When my mother met him, he seemed perfect in all regards. He was quiet, gentle, tall and handsome. He was working on his PhD at University of Florida as she was working on a degree in education during the summers. He owned a working orange grove. He had never been married. He was a Phi Beta Kappa. He was tidy and neat. He had ambition.
He came to visit us in Roseland as their courtship began and he courted my brother and I along with our mother. He took us fishing and on boat rides. He promised to teach us to water ski. He praised my early efforts at baking and cooking to the skies.
And he made our mother happy.
This was huge. Mother had suffered suicidal depression for years and I am not saying she did not have good reason. She did. She was a divorced woman in the early sixties when divorce was still seen as shameful. She struggled to support my brother and I, teaching school which she was not truly suited to. One of her students was run over and killed by a food delivery truck while under her watch at school. Her father, who built us a little house directly behind his was a good man but never especially warm or effusive and had told her when she married my father that she was making a mistake and not to come running to him when things went bad.
He had been right. My father was a drunkard to the worst degree and eventually, my mother had no choice but to go to her parents for help as her life and the life of my little brother and I were in danger but she didn't cave to that decision until she had suffered years of his abuse and the poverty his inability to hold a job had left them in.
And so, when she met this man who showed great interest in her and was not deterred in his affections by the two young children she had, she felt that life had finally chosen to smile on her and almost every weekend, this man came to visit and stayed in a nearby motel so that the neighbors wouldn't talk although I am sure they did anyway.
At Christmas he showed up with amazing presents including an Easy Bake oven for me. I had dreamed of having an Easy Bake oven and never, in a million years, thought I would get one.
Such a good Christmas.

And then...he disappeared. He dropped out of our lives like a shadow. No visits, no phone calls, no letters.

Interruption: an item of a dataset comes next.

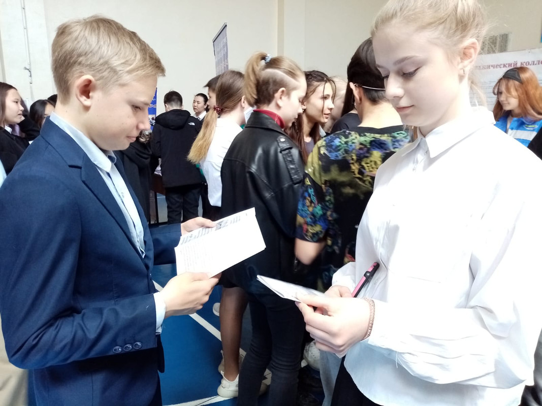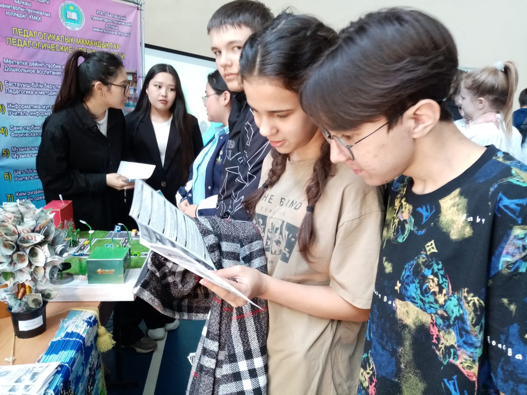 21 апреля во Дворце школьников прошла Ярмарка профессий, на которой состоялась презентация колледжей города Балхаш: БГТК, БМК, БТК, БКС, политехнический. Студенты и преподаватели рассказали учащимся школ о своих колледжах, о специальностях, которым обучают здесь. Были проведены и практические работы, например, медколледж предложил желающим узнать свою группу крови, научиться правильно бинтовать при ушибах головы, порезах пальцев. Студенты педагогического отделения БГТК сопровождали свою презентацию игрой на домбре. Каждый колледж старался заинтересовать будущих студентов! Ярмарку посетили не только учащиеся 9-ых, но и учащиеся 8-х классов нашей школы с целью ранней профилизации.

Mother went into another major depression. And quite frankly, I do not remember the timeline in all of this. Was he gone for a month? A year? I don't know but I know that darkness closed in again on our little family and Mother began locking herself in her bedroom again, weeping behind it as I trembled and wondered what in the world I should do. I had absolutely no one to discuss this with although I knew, even then, I should get help. But because of the relationship between my mother and me, the belief that I should protect her was already forged in steel. And if I were to talk to anyone about her weeping, her threats behind the locked door to kill herself, it would have been a betrayal which I could not risk.

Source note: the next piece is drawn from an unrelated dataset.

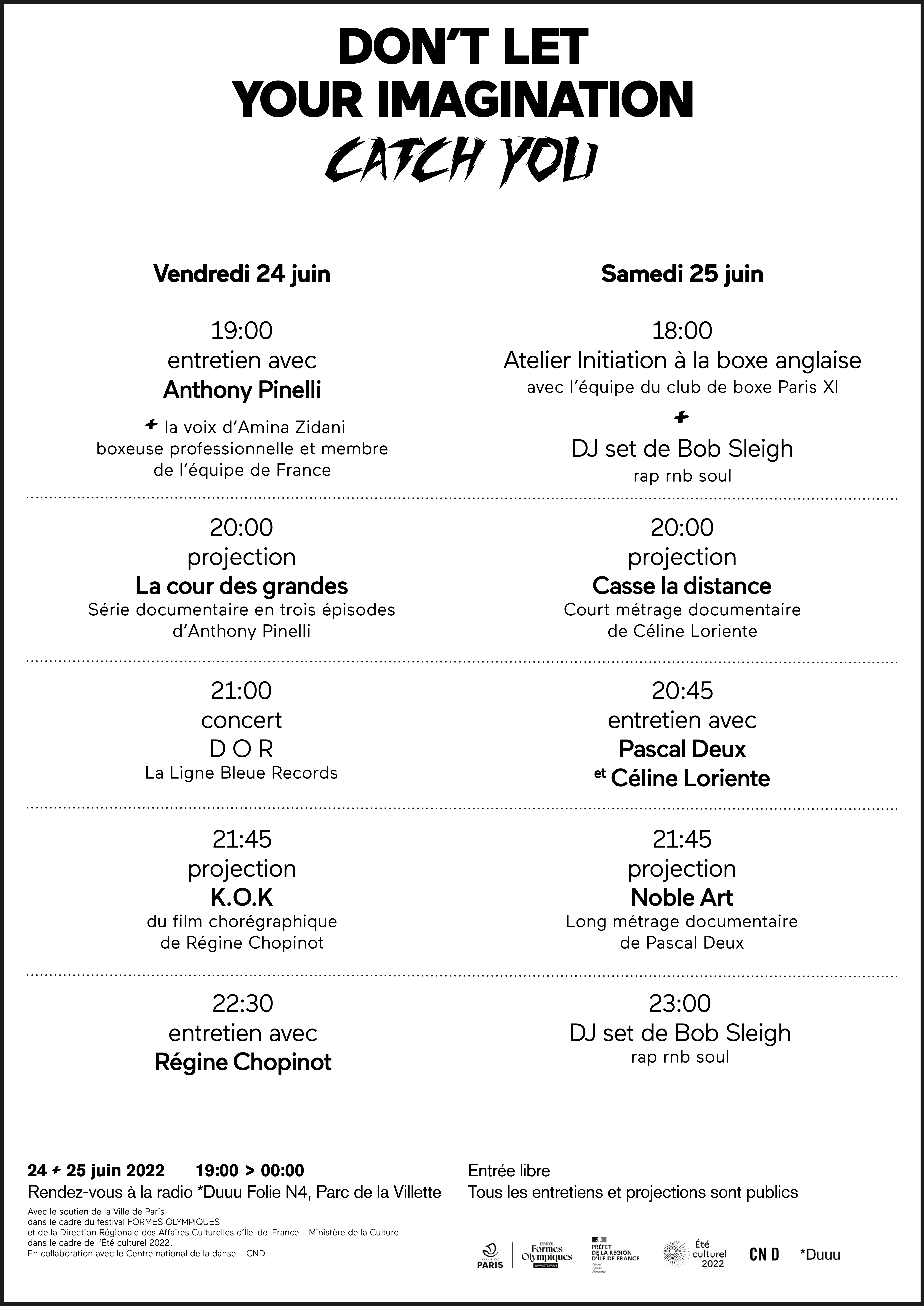 « Don’t let your imagination catch you » prononce d’une voix réconfortante le soigneur de Mike Tyson, Teddy Atlas, lorsqu’avant de monter sur le ring, le boxeur qu’on surnomme Kid Dynamite, s’effondre en larmes, pris par la peur. Ce jour-là, comme presque tous les autres, il gagnera son combat. Ce programme réunit 4 films (pièce chorégraphique, série, longs et courts métrages documentaires), dont la rencontre naît d’un thème commun et transversal, celui d’un sport de combat : la boxe anglaise. La pratique professionnelle et amateur, la résignation ou la résilience, la motivation inconditionnelle, le collectif, la chorégraphie, la colère, l’apprentissage et la rigueur arpentent les contours de ce sport davantage associé à la violence physique qu’à son caractère esthétique et bienfaiteur.

I may have been about eight then. About...Owen's age.
And my brother, who does not remember any of this and who insists that it never happened at all, was about five or six.

The fact was- the man (let's call him C.) had broken my mother's heart and not insignificantly, he had broken mine too.

But that summer, when Mother went back to Gainesville she and C. remet and I do not know how or why, but they resumed their relationship and once again, all was well with the world although I do not think I ever trusted him again to the extent that I had trusted him before. Still, I was so grateful that my mother was happy again and C. not only resumed his relationship with my mother but also his courtship of me.

Phew. I have to take a deep breath, remembering those times. How much I truly did love him and wanted him to be my father. I wanted and needed a father to the very blood of my heart.
How I honestly gave him my love, my little-girl daddy-yearning love and then...how he used that. How he betrayed me and in doing so, all of us.

 That's all I feel that I can write now. The sun has gone behind clouds and I may take the opportunity to pick peas and edamame. I know that either Trinky or Tronky laid an egg this morning because I saw her on the nest and when I checked after my walk, there was a nice white egg there.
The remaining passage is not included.